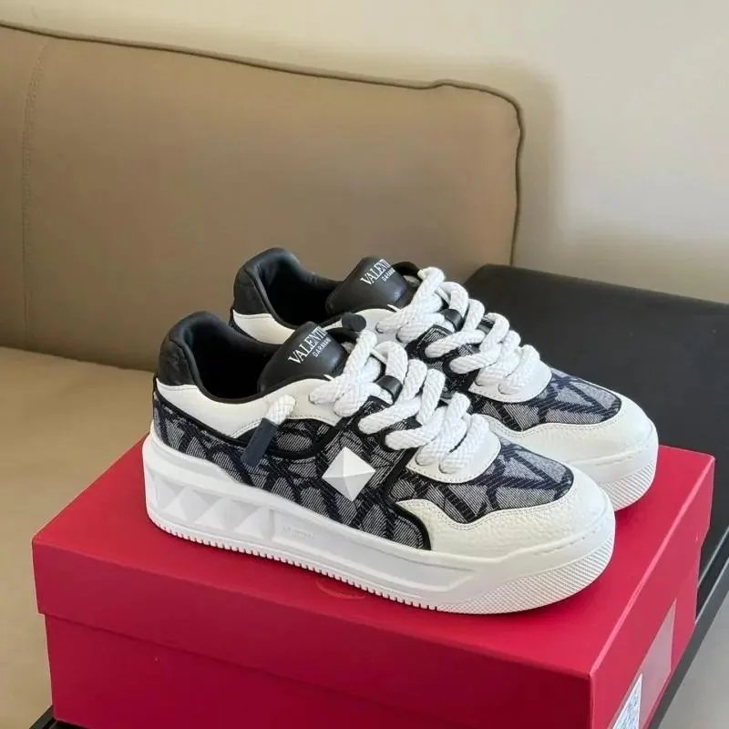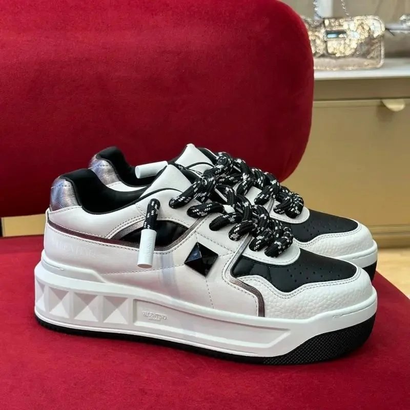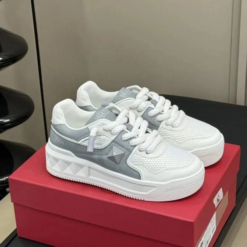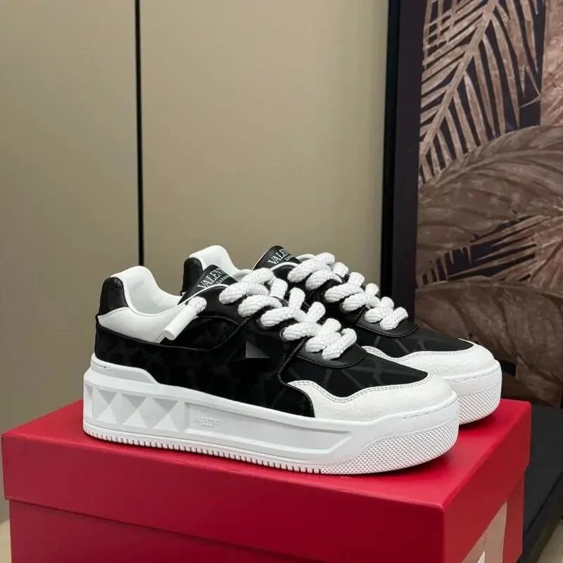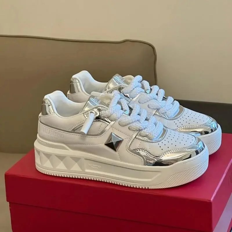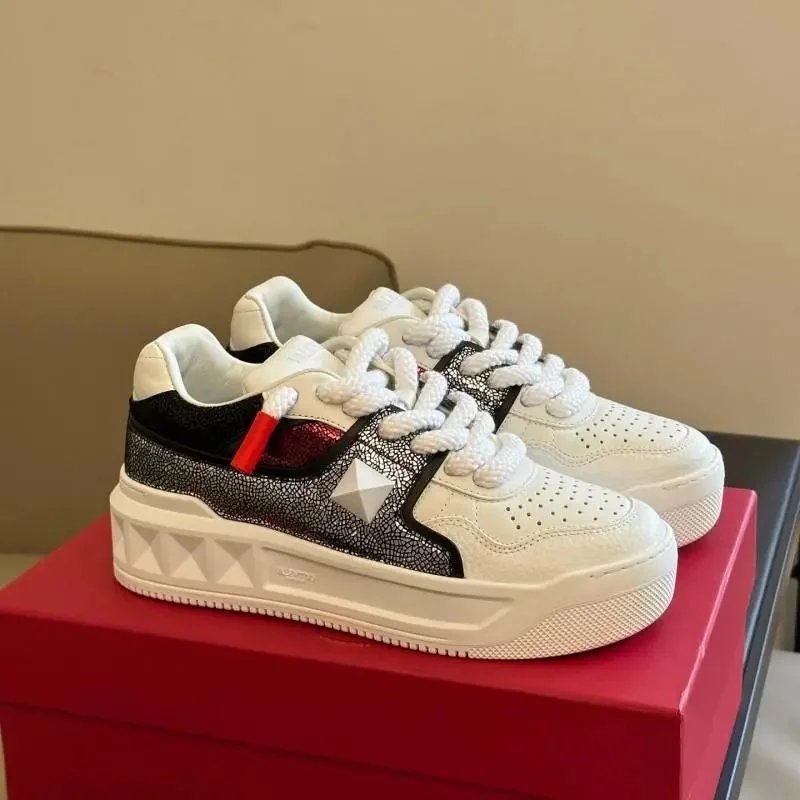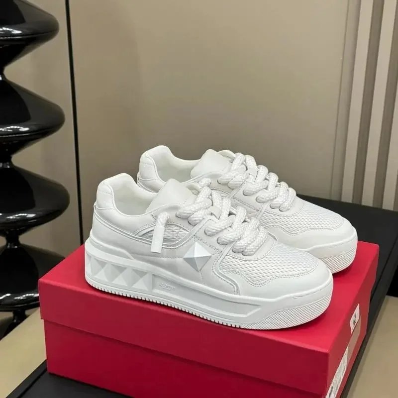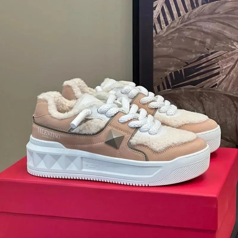 Elevate your look with Valentino Garavani's premium white and tan platform sneakers, featuring bold branding and a stylish perforated design.
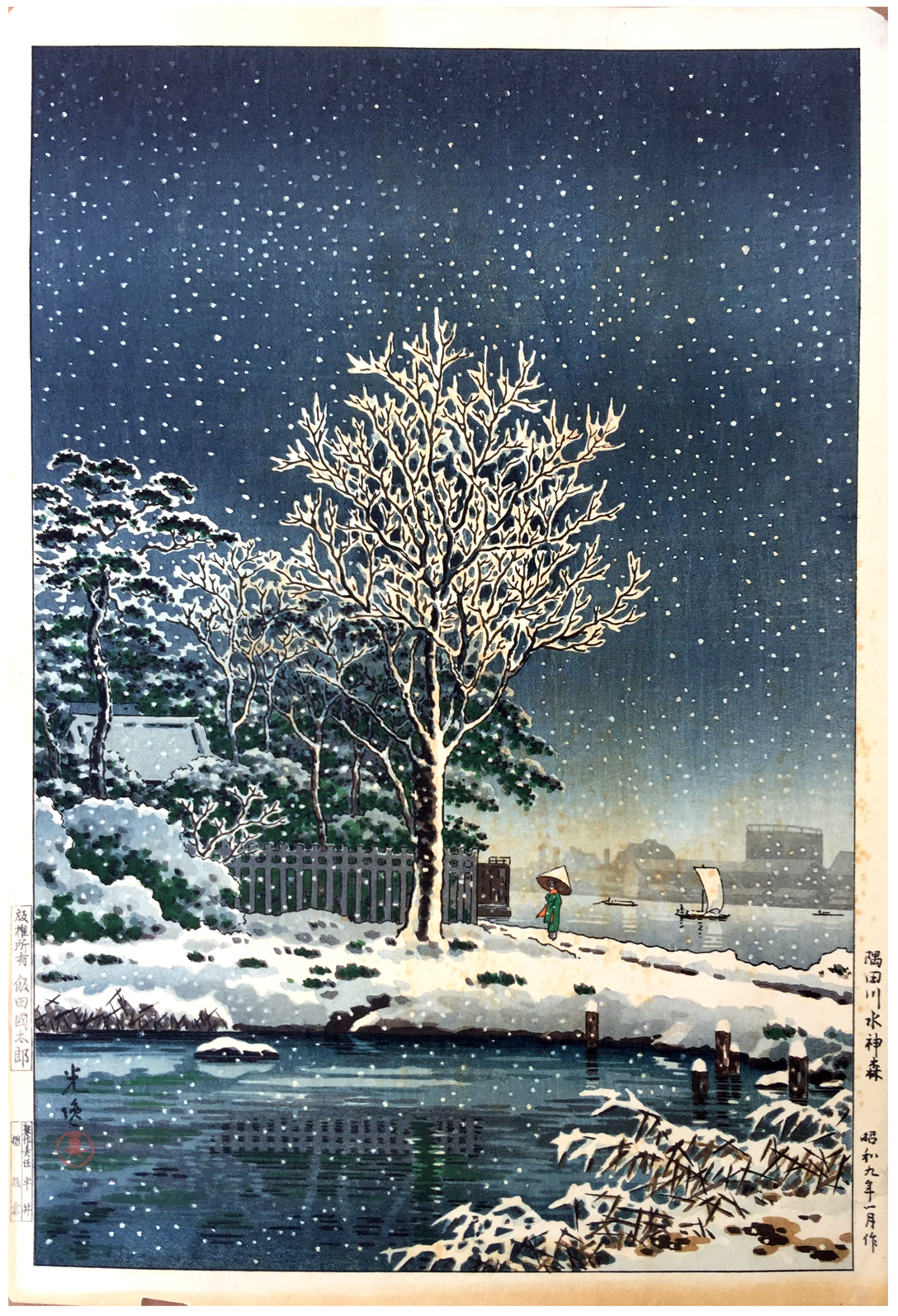 Snow on Sumida River by Tsuchiya Koitsu Pre WWII
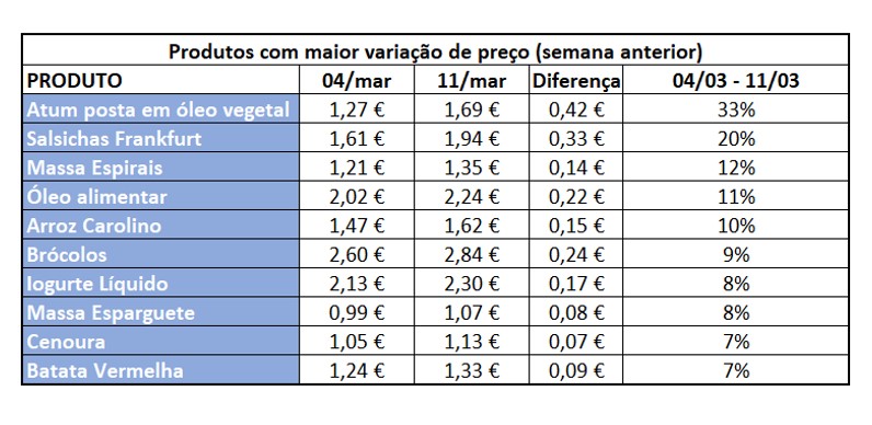 Entre os produtos cujo preço mais aumentou percentualmente na última semana, entre 4 e 11 de março, destacam-se a atum posta em óleo vegetal (33% para 1,69 euros o quilo), as salsichas de Frankfurt (20% para 1,94 euros) e a massa espirais (12% para 1,35 euros). Comparando com o início do ano, a curgete aumentou 38%, a dourada 28% e a couve-coração 27%.
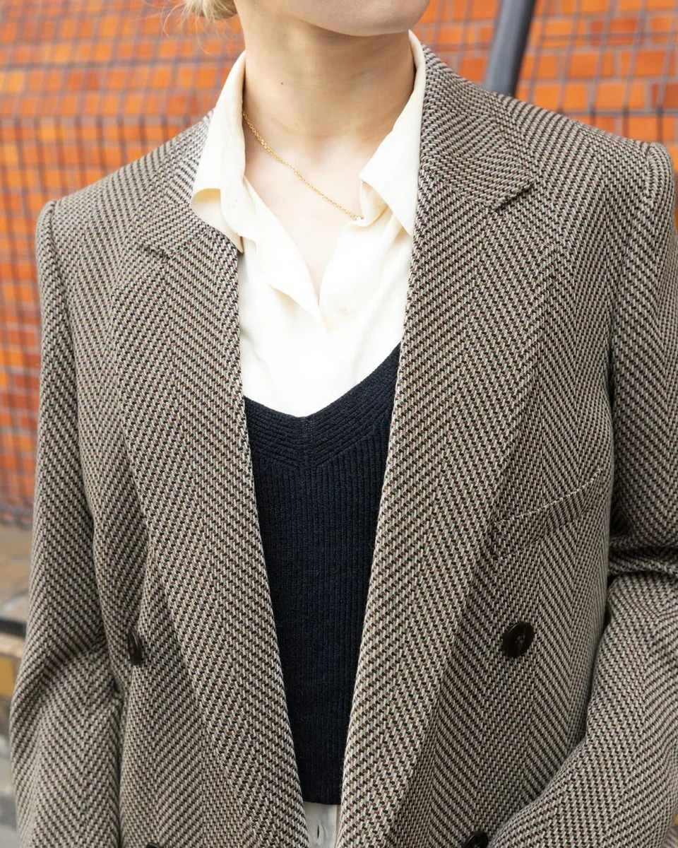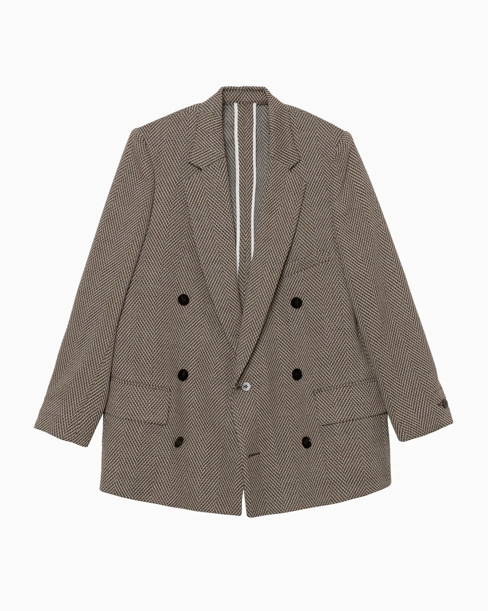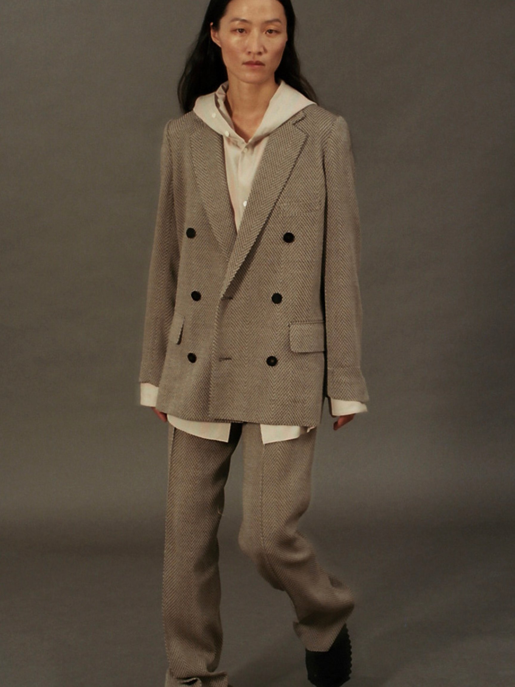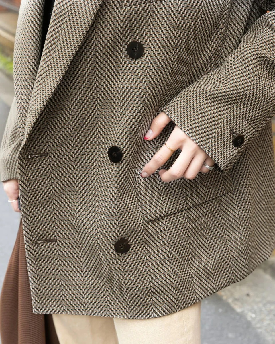 「オーバーコート(OVERCOAT)」のストレートパンツは、レトロなヘリンボーン柄が魅力。前側のセンターにピンタックが取られており、布のドレープ感が綺麗に見えるように設計されています。共地のジャケットとセットアップで着用するするとよりクラシックなスタイルが完成します。
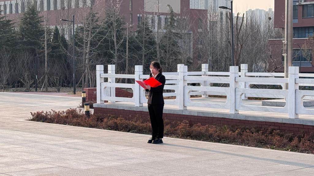计科222班团支书杨迪以“践行诚信,勇担使命”为主题发表国旗下演讲。在演讲过程中,杨迪紧密联系同学们的学习与日常生活实际,生动地讲述了一个个蕴含着诚信力量的动人故事。她提到,在日常的学业中,诚信是独立完成作业、杜绝抄袭作弊的坚守;在与同学们的相处里,诚信是遵守承诺、真诚相待的基石。通过这些贴近生活的实例,她号召同学们将诚信意识深深融入到日常生活的点点滴滴之中,以切实的行动来践行新时代青年所肩负的责任。
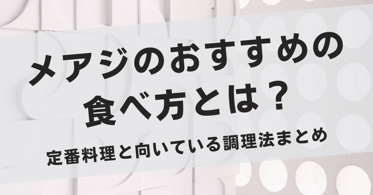 ここでは、メアジでよう使われとる定番の食べ方を中心に整理していきます。
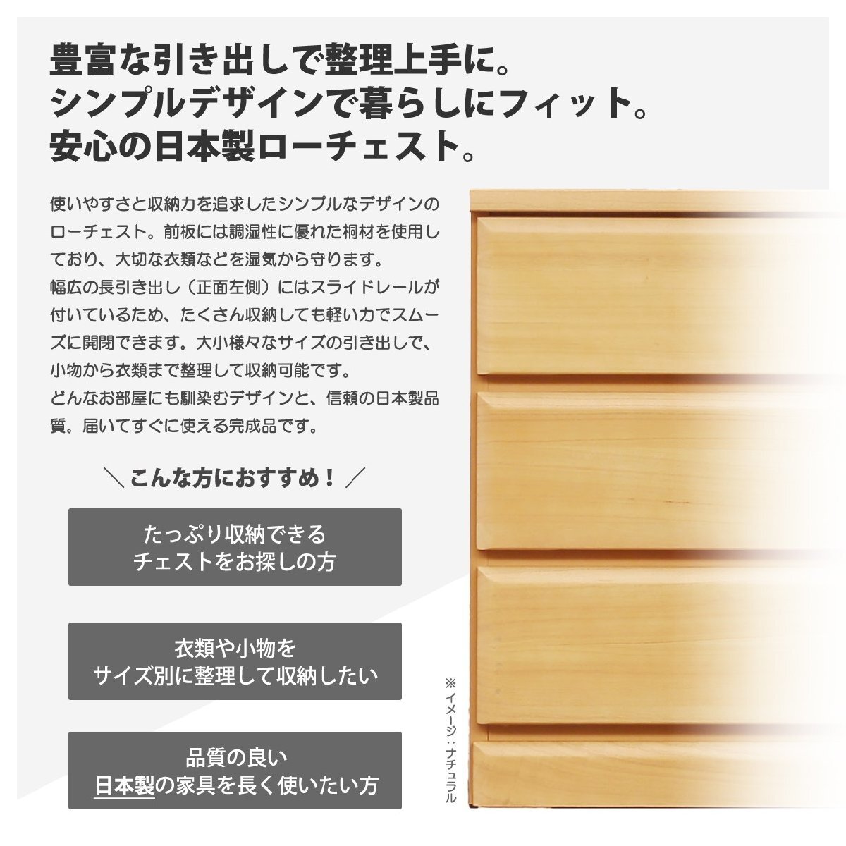 特  徴使いやすさと収納力を追求したシンプルなデザインのローチェスト。

- **Aim of the task**
The required output is every line from the beginning of the material above through the line with "Entre os produtos", exact and without pictures.

- **Result of the exercise**
 Elevate your look with Valentino Garavani's premium white and tan platform sneakers, featuring bold branding and a stylish perforated design.
 Snow on Sumida River by Tsuchiya Koitsu Pre WWII
 Entre os produtos cujo preço mais aumentou percentualmente na última semana, entre 4 e 11 de março, destacam-se a atum posta em óleo vegetal (33% para 1,69 euros o quilo), as salsichas de Frankfurt (20% para 1,94 euros) e a massa espirais (12% para 1,35 euros). Comparando com o início do ano, a curgete aumentou 38%, a dourada 28% e a couve-coração 27%.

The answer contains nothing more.